Variation in development rate among clonal lines of rainbow trout (Oncorhynchus mykiss)

Abstract

The genetic basis of development rate was examined using clonal lines of rainbow trout produced by androgenesis. We examined development rate, as indicated by physiological time to hatch (°days), of four clonal lines of rainbow trout crossed to outbred females in three separate experiments. In the first experiment, the Swanson line, derived from an Alaskan population, displayed a significantly earlier physiological time to hatch than the Arlee line, derived from a domesticated rainbow trout (P<0.001). In the second experiment, this trend was maintained across three temperatures (approximately 8, 10, and 14°C) and two females, although the experiment lacked the statistical power to detect a difference (P=0.052). In the third experiment, the Swanson line had a significantly earlier physiological time to hatch than three other clonal lines (P<0.01) when tested across three temperatures (8, 10, and 16°C) and two females. There was no evidence of genotype by environment interaction in any of the experiments. These data indicate that development rate has a strong genetic component, and that the clonal lines of rainbow trout available should be highly suitable for QTL analysis of development rate in rainbow trout.

Introduction

Development rate is an important trait which figures prominently in both the evolutionary history and the successful culture of rainbow trout (Oncorhynchus mykiss). Differences in developmental timing are considered to be critical in bringing about evolutionary change (Gould, 1981), and differences in development rate among strains have been identified in rainbow trout and other salmonids (Ferguson et al., 1985; Tallman, 1986). In rainbow trout, heritability of development rate has been estimated as high as 0.23 (McIntyre and Blanc, 1973). Rate of development in salmonids is important in synchronizing time of emergence of fry (Brannon, 1987), which can reduce predation (Godin, 1982) or maximize food availability. In the culture environment, knowledge of the rate of development is often desirable, as this allows the culturist more flexibility in allocating space for newly hatched fry. In addition, strains of quickly developing trout might be desirable, as fast development has been associated with fewer developmental deformities, larger size, and earlier sexual maturity in some instances (Allendorf et al., 1983).

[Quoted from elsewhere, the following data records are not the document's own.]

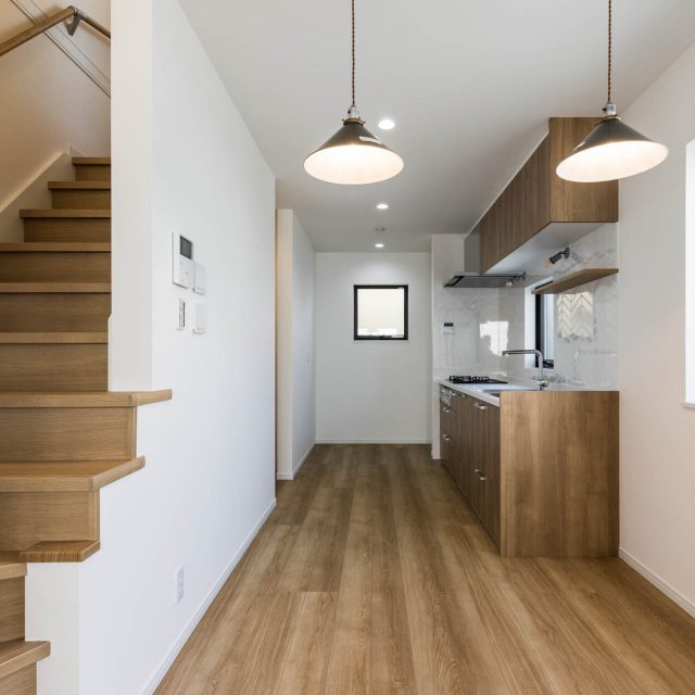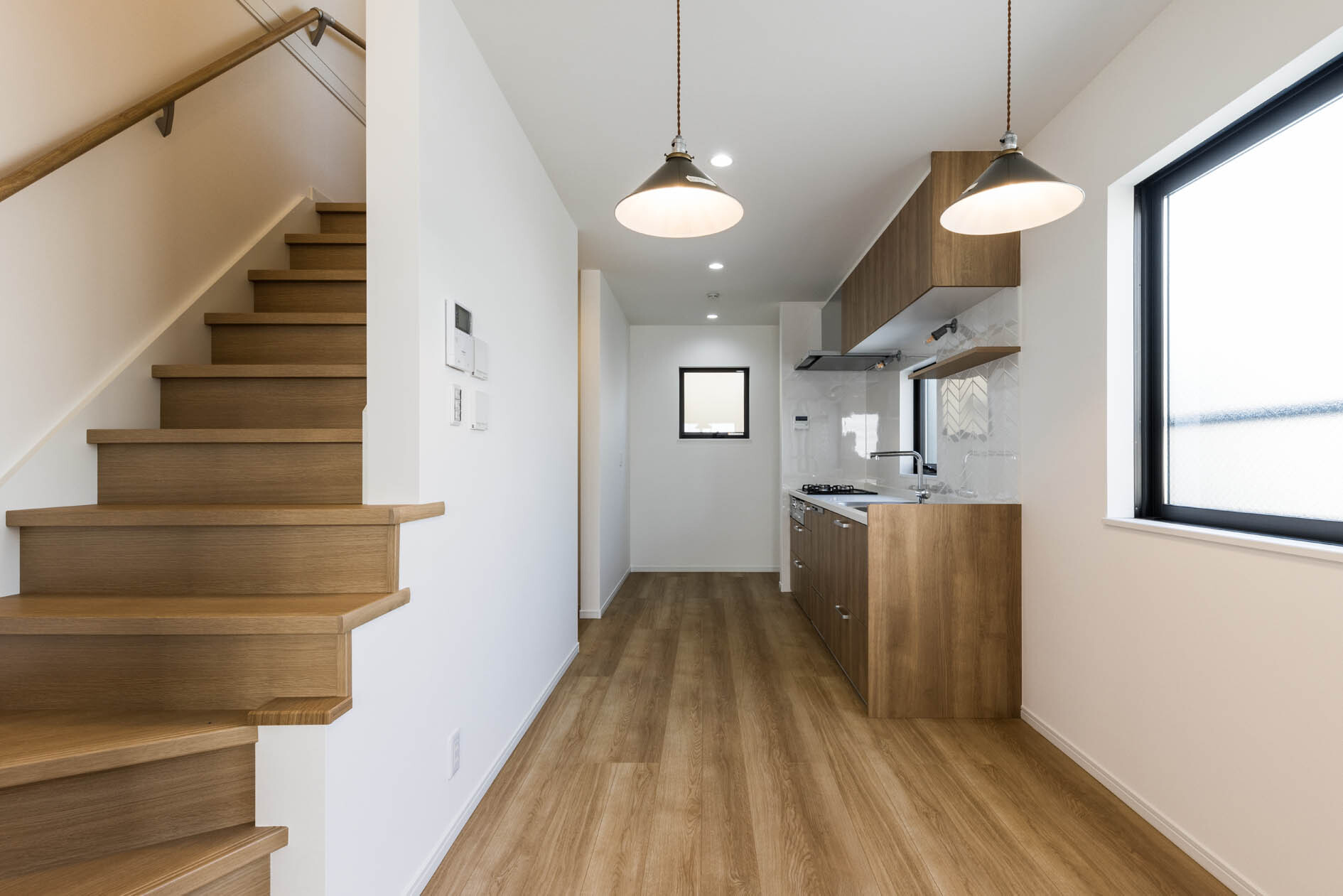 階段室は、1階の玄関前も2階のダイニング部分もひな壇にして開放感を出し、視覚で広さを取り込めるようにしました。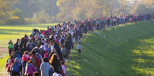 Fig: 1 - An image showing a group of refugees migrating from one place to the next.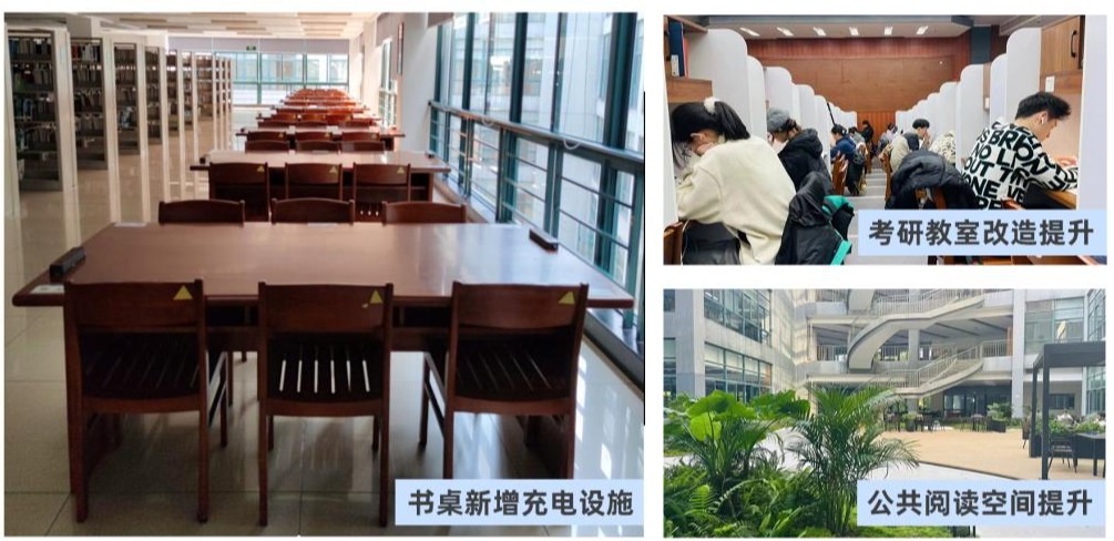 学习环境大为改善。千方百计筹措资金和资源进行条件环境改造。总改造面积超过2500平方米,改造2个考研教室,新增单体式学习空间282个;198张阅览桌安装防干扰隔板;建成研讨室9个;添置沙发68张,建成休闲学习区21个。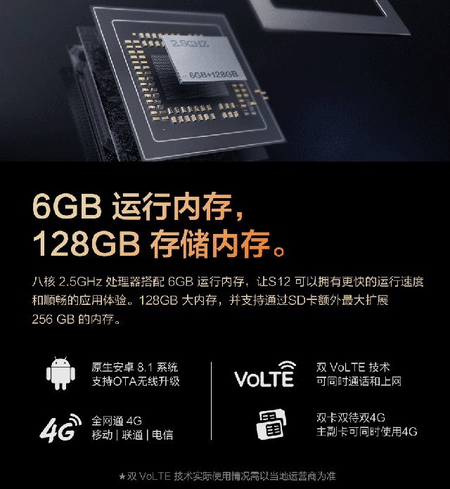 征服(CONQUEST)S12内置MTK6763 2.5GHz八核(Eight-Core)P23 处理器和 Android 8.1.0系统,轻快高速,再加上4+64G,6+128G的超大内存,屏幕采用5.99英寸FHD高清显示屏,比例为 18∶9分辨率为 2160 × 1080,无论游戏、追剧还是日常使用都可畅快淋漓。 征服(CONQUEST)S12后置2100万的摄像头和后置指纹竖排放置放在手机中轴线上,轻松拍出更加清晰美好的场景。

Despite the importance of development rate to the evolutionary history and successful aquaculture of rainbow trout, the genetic basis of development rate is largely unknown. Allendorf et al. (1983)showed that a regulatory mutation in the expression of liver phosphoglucomutase could alter development rate in one rainbow trout strain. However, many questions about the genetic basis of development rate remain. How many genes control the rate of development? What are their relative effects? What implications does this have for natural selection and life history evolution? How can we use this information to improve cultured stocks of rainbow trout?

Questions such as these can be addressed using clonal lines of rainbow trout. The high fecundity, external fertilization, ease of culture, and tolerance of chromosomal manipulations exhibited by rainbow trout have allowed the production of clonal lines for use in experimental research, analogous to the inbred strains of mice that currently play a central role in biomedical research (Silver, 1995). Clonal lines of trout are produced by androgenesis, in which the egg is irradiated with gamma radiation prior to fertilization, and the first cleavage is prevented with heat or pressure shock (Parsons and Thorgaard, 1985). The resultant fish are homozygous, and a second round of androgenesis or gynogenesis is then performed. This results in a family of fish which are completely homozygous and genetically identical to one another (Young et al., 1996). The fish are all male (YY) or all female (XX), and strain perpetuation is accomplished through androgenesis or gynogenesis, respectively. Clonal lines have already been used in the development of a genetic linkage map for rainbow trout (Young et al., 1998). The clonal lines of fish produced in this manner are also good candidates for genetic analysis of quantitative traits such as development rate.

To facilitate genetic analysis of development rate, however, lines which display genetic variation in this trait must be identified. One approach for characterizing clonal lines of interest is to cross the lines to outbred rainbow trout eggs, and measure the development rate of the hybrid progeny.

The objectives of this study, therefore, are to 1) determine if crossing strains to outbred eggs is a powerful enough technique to detect differences in quantitative traits, and 2) to identify clonal lines of rainbow trout which differ significantly in development rate, indicating their suitability for subsequent genetic analysis.